Лейтенант, смутившись, отвёл глаза, хотя и отметил про себя с раздражением, что пялился почти минуту на девчонку, на её руки, открытые до самых плеч, с нежным золотистым загаром; на её тело, почти не прикрытое плащом, но выставленное на показ без всякого бесстыдства. Здесь была непонятная никому из них естественность, природность дикарей. Он крутанулся на каблуках, ища глазами сержанта Меркониса.
– Обыск проводили?
– В д-доме ещё н-нет… – сержант растерялся так, что даже стал заикаться. Как школьник. И глаза испуганные, будто попался в момент подглядывания за чем-то запретным.
– Так, нечего здесь стоять! – лейтенант обратился уже ко всем рядовым. – Каждый дом обыскать! Каждый угол! И все дворы!.. И внимательно!..
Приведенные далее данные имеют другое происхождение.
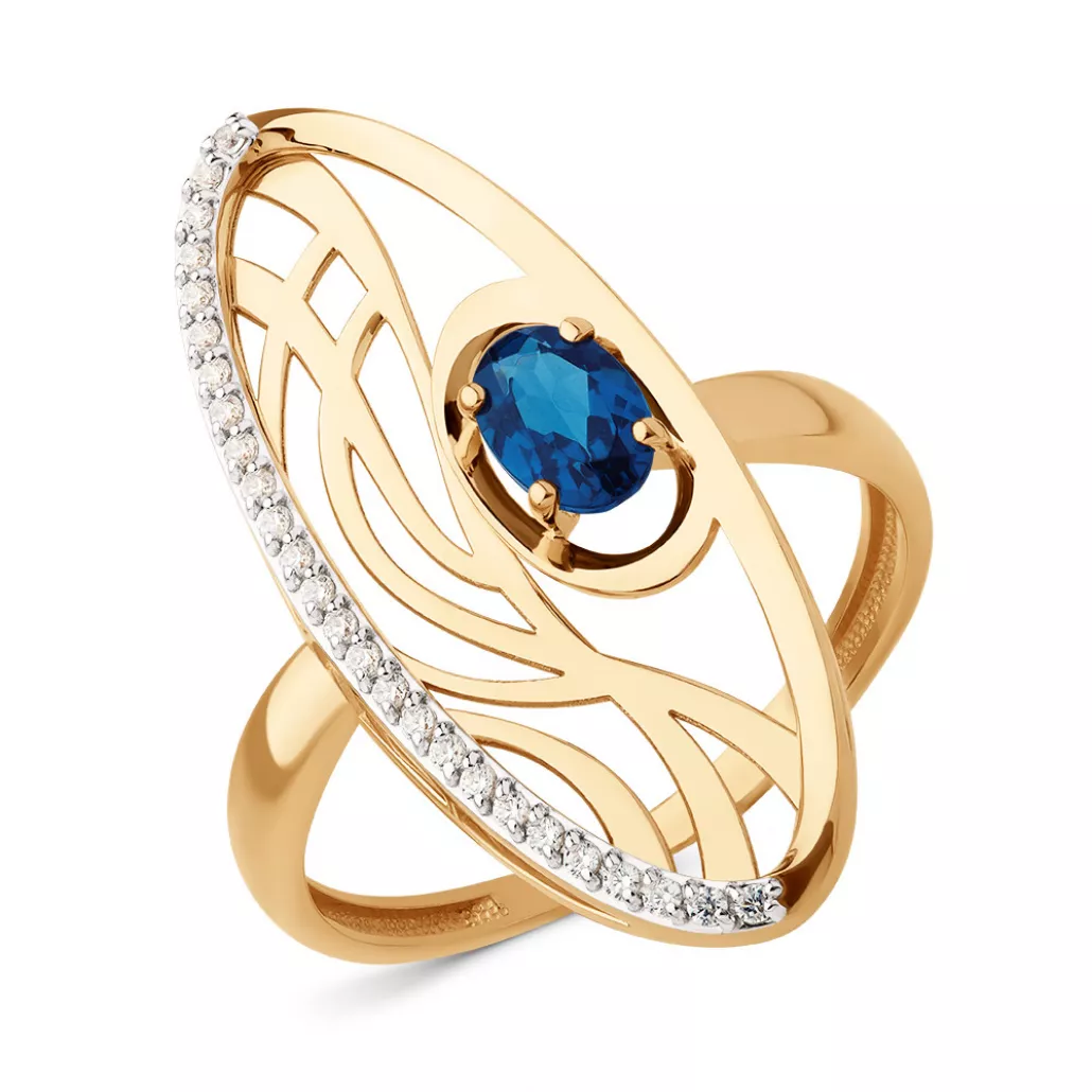 Кольцо с фианитом и топазом из золота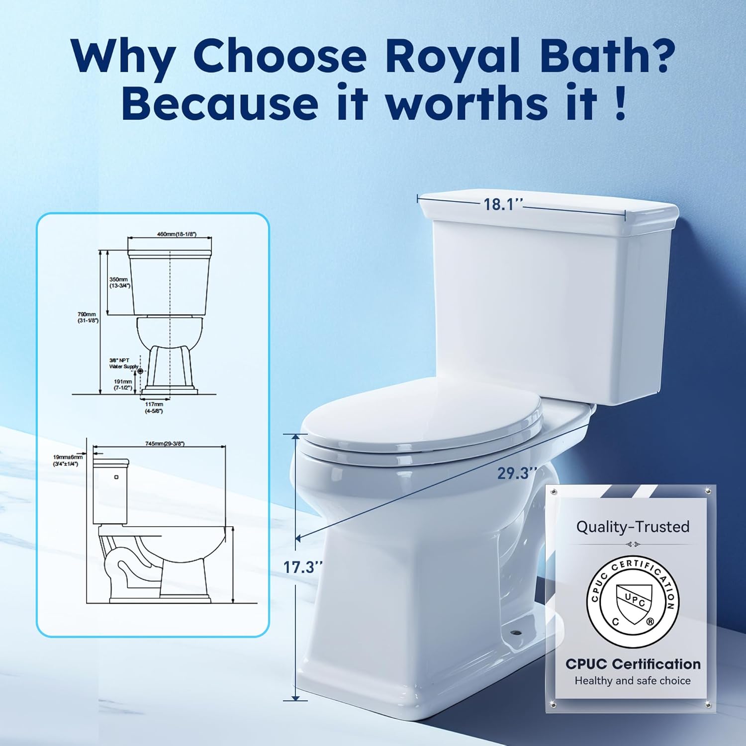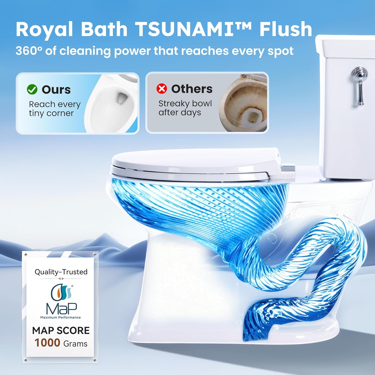 - MAP Certified Waste Extraction Performance & CUPC Certified:MAP certification indicates that a specific toilet has been tested for maximum performance, capable of discharging 1000 grams of waste in a single flush, demonstrating superior waste extraction ability. CUPC certification provides higher safety assurance, utilizing high-standard materials that enhance the product’s durability and reliability while minimizing its negative impact on the environment as much as possible

Сержант, берите ещё двоих поактивнее – и всех поселян к «Стиктусу»! Познакомимся поближе… А с этих глаз не спускать! – Кивок в сторону гриффиток. – И ещё, сержант, лес прочесать, хотя бы до канавы… Из местных – никого никуда! Чтоб все здесь были. Всё! Пошли! Даю сорок минут на всё!
Сионийцы поспешили выполнять приказ, а лейтенант, встретив настороженный взгляд молодой гриффитки, произнёс с усмешкой:
– Ну, что, будешь переводчиком?
В его словах не было ни просьбы, ни предложения – один лишь приказ.
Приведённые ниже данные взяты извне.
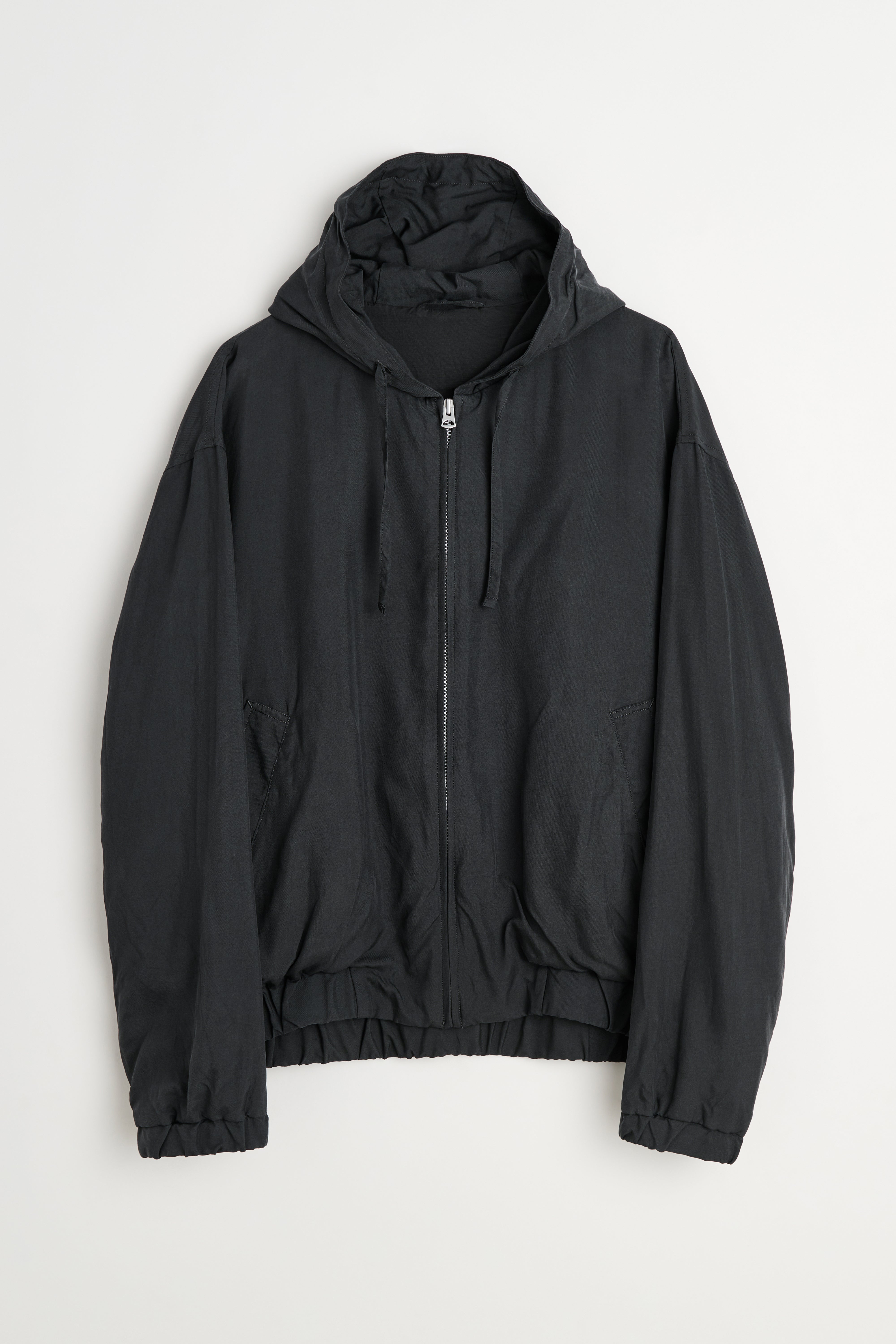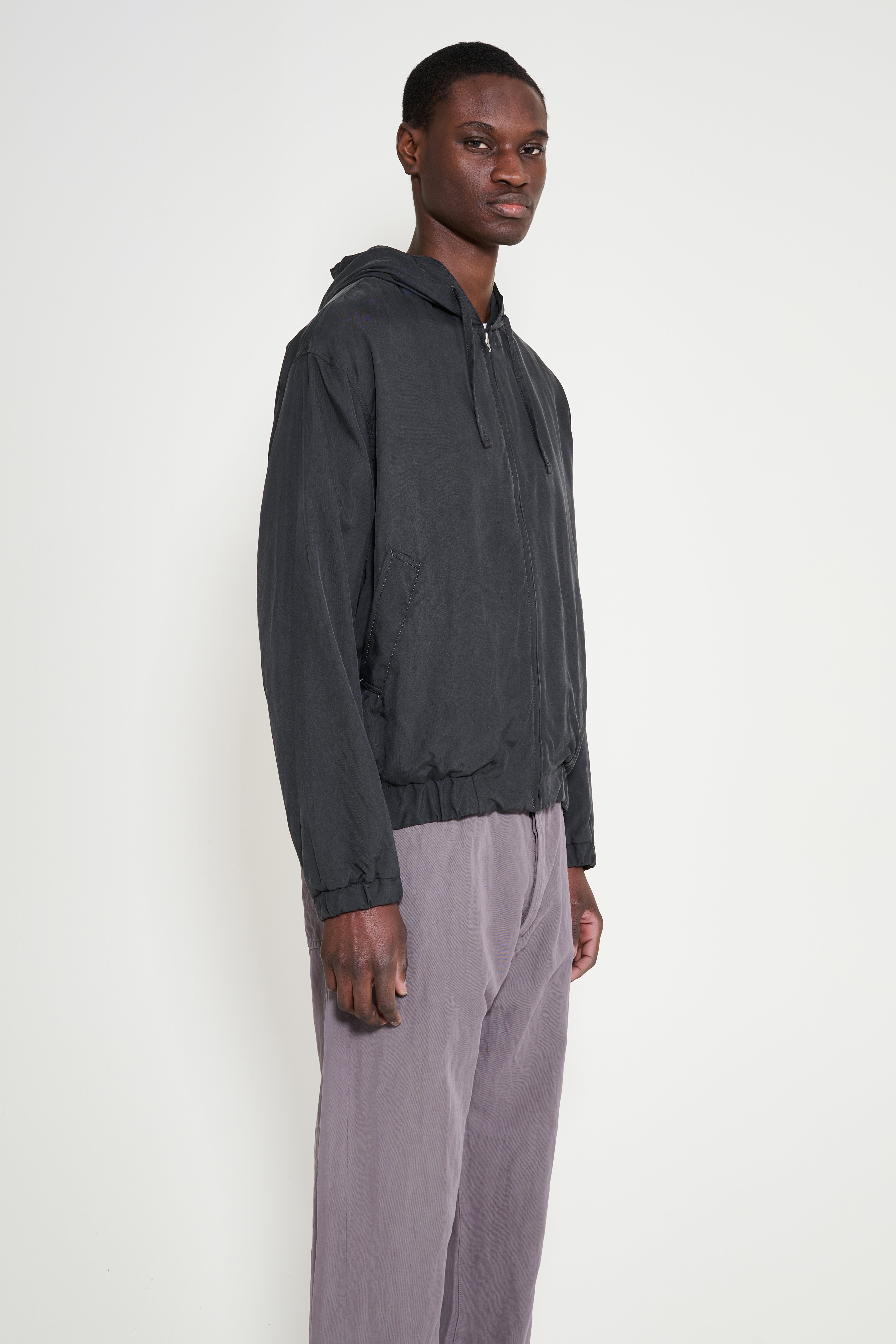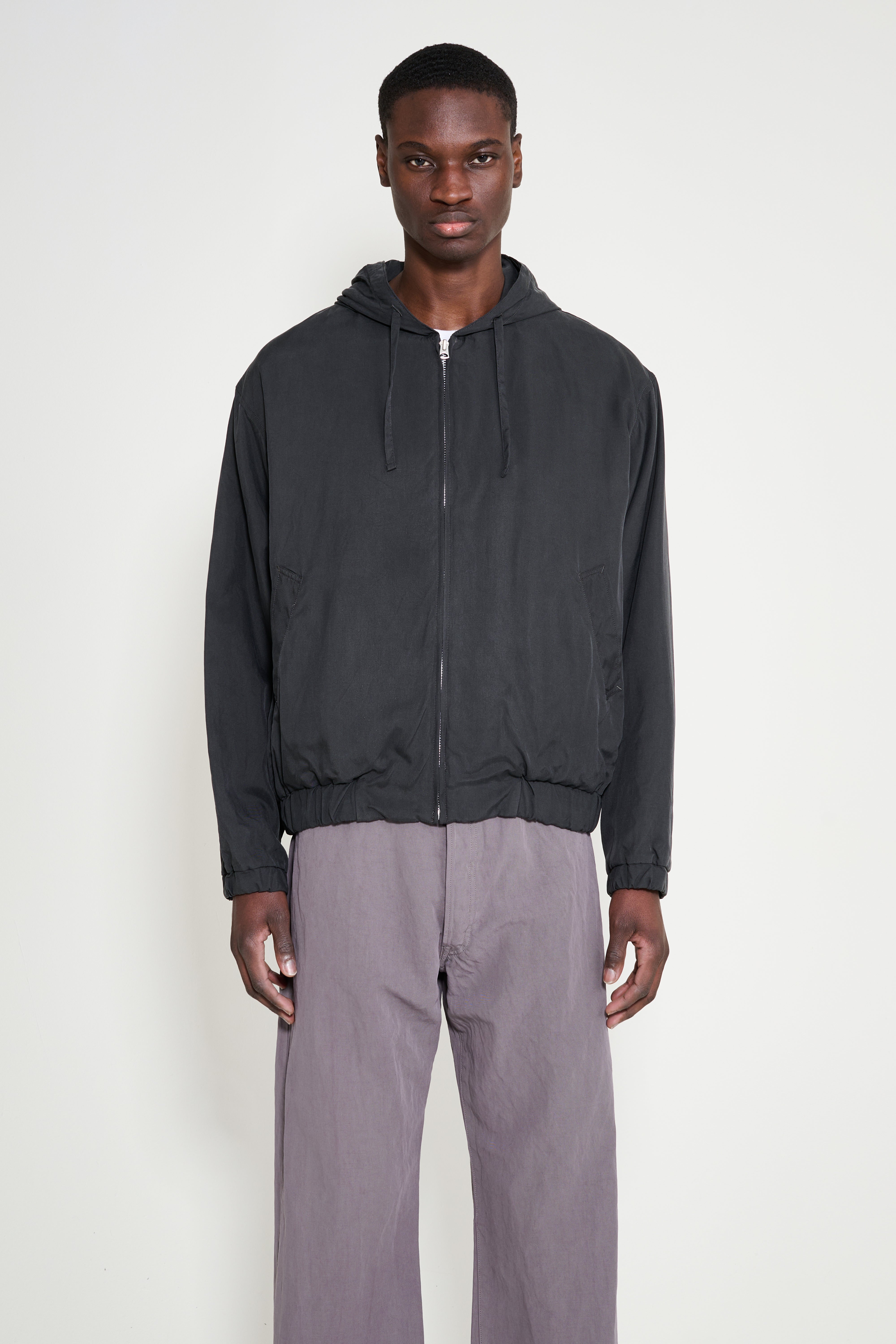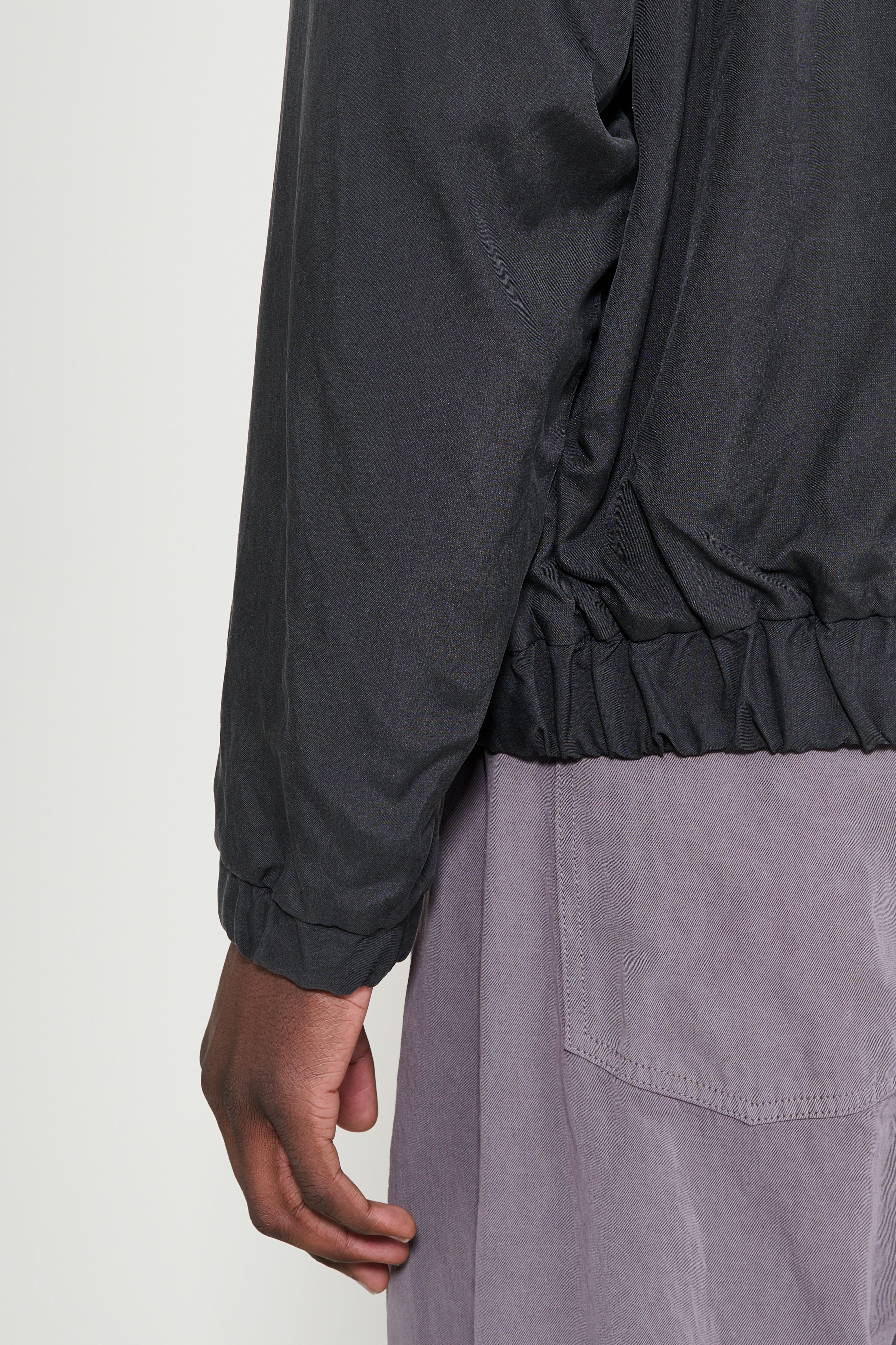 Silk blouson from Lady White Co. x Kaptain Sunshine. Cut in a regular silhouette in black. Features a structured collar and a front opening. Includes set-in sleeves and a straight hem. Finished with collaborative branding details.

…Прошло только тридцать минут, а все гриффиты стояли уже на улице под надзором автоматчиков.
Довольно прищёлкивая языком, лейтенант долгим изучающим взглядом окинул эту пёструю кучку странного, совершенно безмолвного покорного народца. При обыске и во время сборов ни один не оказал сопротивления. Как животные! Хотя кому тут сильно выступать? Тому старику с палкой? Одни старухи почти. Где молодёжь? А ведь всё обещало быть таким интересным! Кого здесь допрашивать? Тряханёшь – и кости посыпятся!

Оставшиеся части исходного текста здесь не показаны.